Predict and Reconstruct: Joint Objectives for Self-Supervised Language Representation Learning
Predict and Reconstruct: Joint Objectives for Self-Supervised Language Representation Learning
预测与重构:自监督语言表征学习的联合目标
Abstract: Masked language modelling (MLM) has been the dominant pre-training objective for text encoders since BERT, yet it encourages representations that are strongly anchored to surface-form token identity rather than deeper semantic structure. 摘要: 自 BERT 问世以来,掩码语言模型(MLM)一直是文本编码器预训练的主流目标。然而,它所生成的表征往往过度依赖于表层的词元(token)标识,而非更深层的语义结构。

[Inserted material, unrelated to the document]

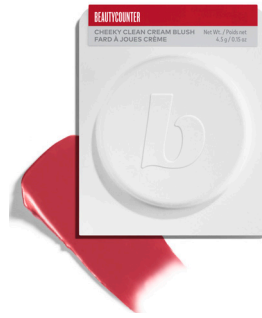
Cheeky Clean Cream Blush Refill $26 USD | 36 CAD$

How to refill: remove and recycle the empty refill (and swap it in for a new shade), and keep blushing it.

Inspired by the success of Joint Embedding Predictive Architectures (JEPA) (LeCun, 2022) in vision and audio, we propose a hybrid pre-training objective that combines a JEPA-style latent-space prediction loss with a standard MLM objective over a single shared encoder. A learnable scalar parameter continuously balances the two objectives during training. 受联合嵌入预测架构(JEPA)(LeCun, 2022)在视觉和音频领域取得成功的启发,我们提出了一种混合预训练目标,将 JEPA 风格的潜在空间预测损失与标准的 MLM 目标结合在同一个共享编码器中。在训练过程中,一个可学习的标量参数会持续平衡这两个目标。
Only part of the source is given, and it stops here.